- What is expected:
For the data that follows, print the line with "关于申请延期《沪嘉高速功能提", the line with "钢达凤冠diy手工材料花轿十里红妆金属拼图立体拼装 模型新婚礼物", and all lines between them, exactly as they stand. Omit pictures and add nothing.
============
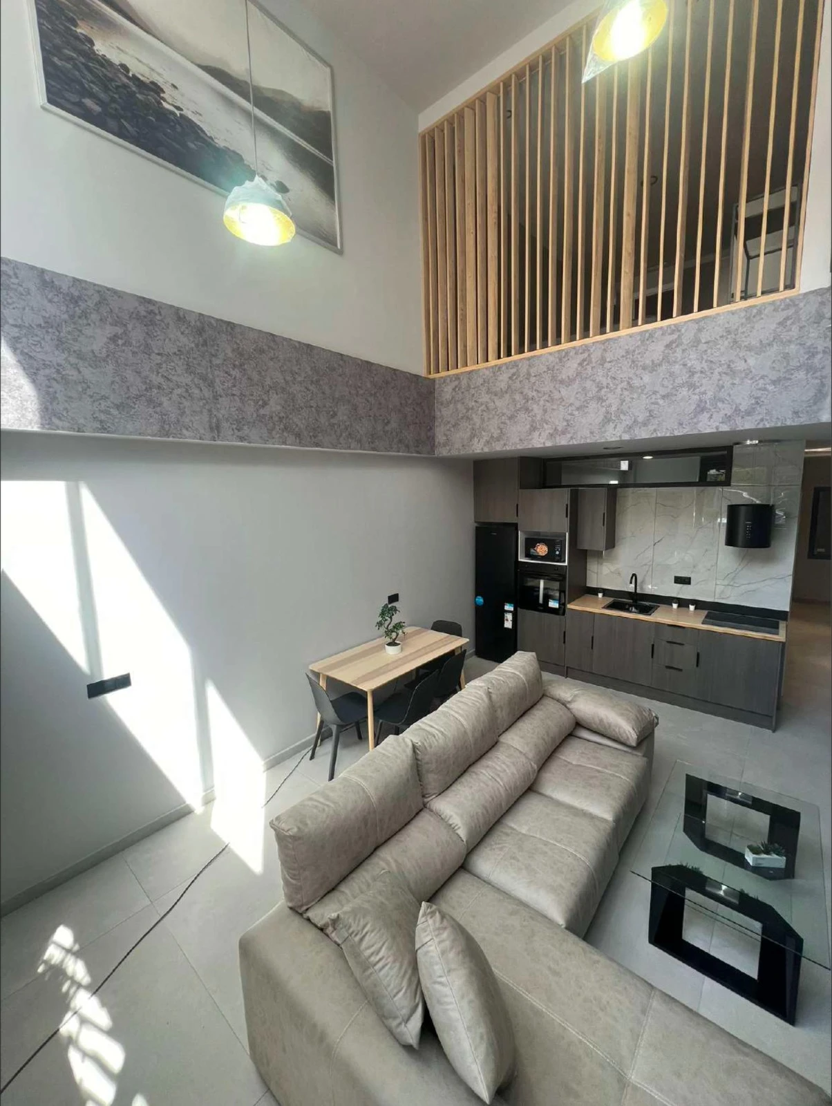 Na parterze znajduje się przestronny salon z podwójną wysokością i dużymi panoramicznymi oknami wychodzącymi na południowy zachód, nowoczesna kuchnia w stylu amerykańskim w pełni wyposażona w sprzęt AGD, jedna sypialnia, łazienka z prysznicem typu walk-in oraz oddzielna pralnia.
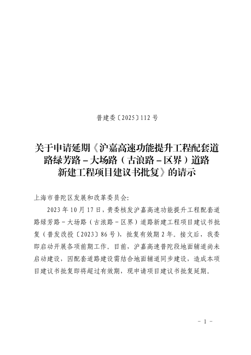 关于申请延期《沪嘉高速功能提升工程配套道路绿芳路-大场路(古浪路-区界)道路新建工程项目建议书批复》的请示
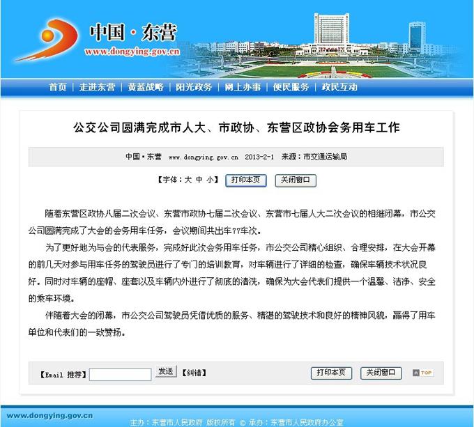 2013年2月1日東營市政府網(wǎng)站報道
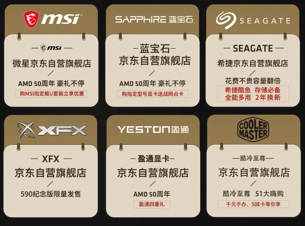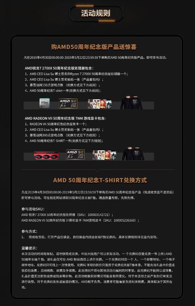 AMD 50周年纪念版专属奖品拿不停:活动期间内凡是抢购到50周年纪念版CPU及显卡的用户就有机会获得专属奖品,数量有限,先到先得。
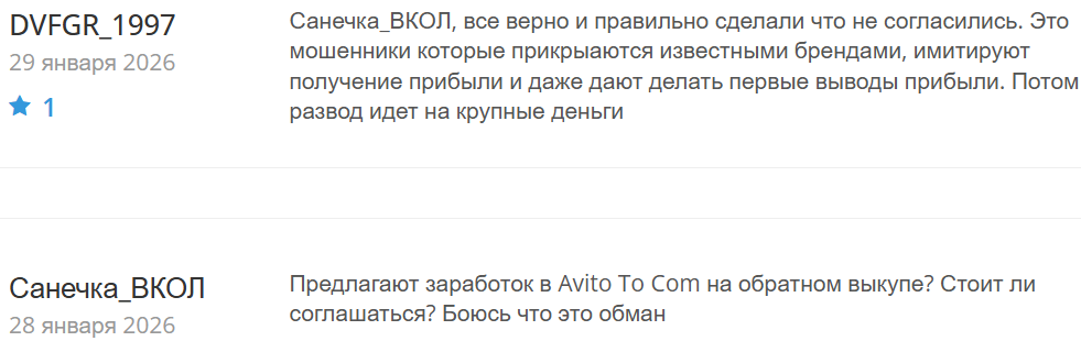На профильных ресурсах есть несколько отзывов об https Avito to com, все они негативные. Пользователи подтверждают, что это — развод на деньги под видом заработка.
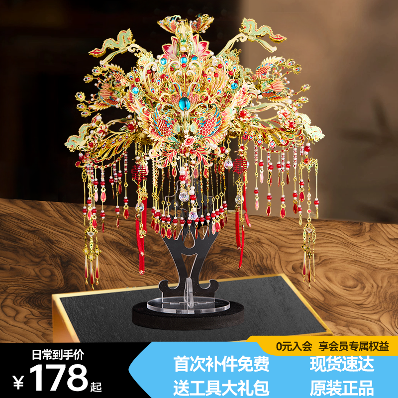 钢达凤冠diy手工材料花轿十里红妆金属拼图立体拼装 模型新婚礼物
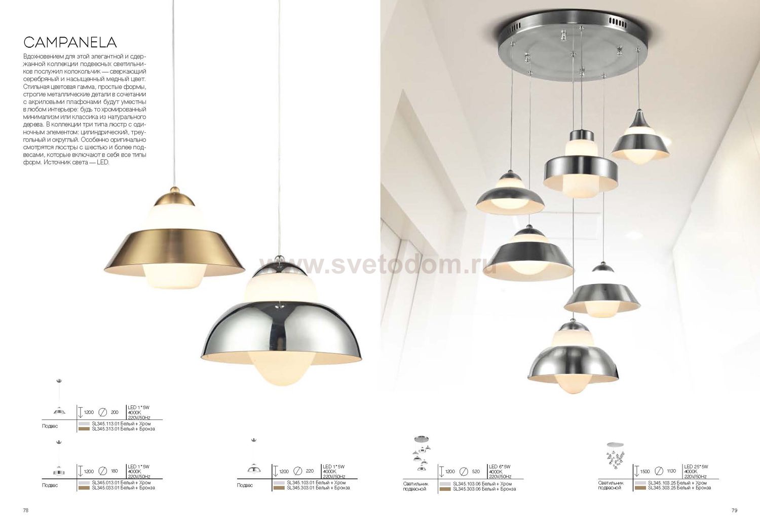 Если Вы настроены купить светильник модели SL34501301, то обратите внимание: Вдохновением для этой элегантной и сдержанной коллекции подвесных светильников послужил колокольчик – сверкающий серебряный и насыщенный медный. Стильная цветовая гамма, простые формы, строгие металлические детали в сочетании с акриловыми плафонами будут уместны в любом интерьере: будь то хромированный минимализм или классика из натурального дерева. В коллекции три типа люстр с одиночным элементом: цилиндрический, треугольный и округлый . Особенно оригинально смотрятся люстры с шестью и более подвесами, которые включают в себя все типы форм.
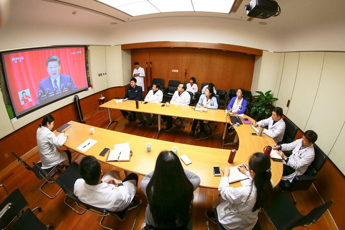 10月18日上午9时,举世瞩目的中国共产党第十九次全国代表大会在京隆重召开,我院班子成员、党支部书记一起收看了本次大会的开幕盛况,仔细聆听了习近平总书记代表第十八届中央委员会所作的重要报告。大家一致认为,报告求真务实、振奋人心,为党和国家事业的新发展绘制了美好前景,具体到医疗卫生工作也指明了前进方向,报告中提出的实施健康中国战略,充分体现了党中央对全国人民群众健康的高度重视。
============
- Your solution:
 关于申请延期《沪嘉高速功能提升工程配套道路绿芳路-大场路(古浪路-区界)道路新建工程项目建议书批复》的请示
 2013年2月1日東營市政府網(wǎng)站報道
 AMD 50周年纪念版专属奖品拿不停:活动期间内凡是抢购到50周年纪念版CPU及显卡的用户就有机会获得专属奖品,数量有限,先到先得。
На профильных ресурсах есть несколько отзывов об https Avito to com, все они негативные. Пользователи подтверждают, что это — развод на деньги под видом заработка.
 钢达凤冠diy手工材料花轿十里红妆金属拼图立体拼装 模型新婚礼物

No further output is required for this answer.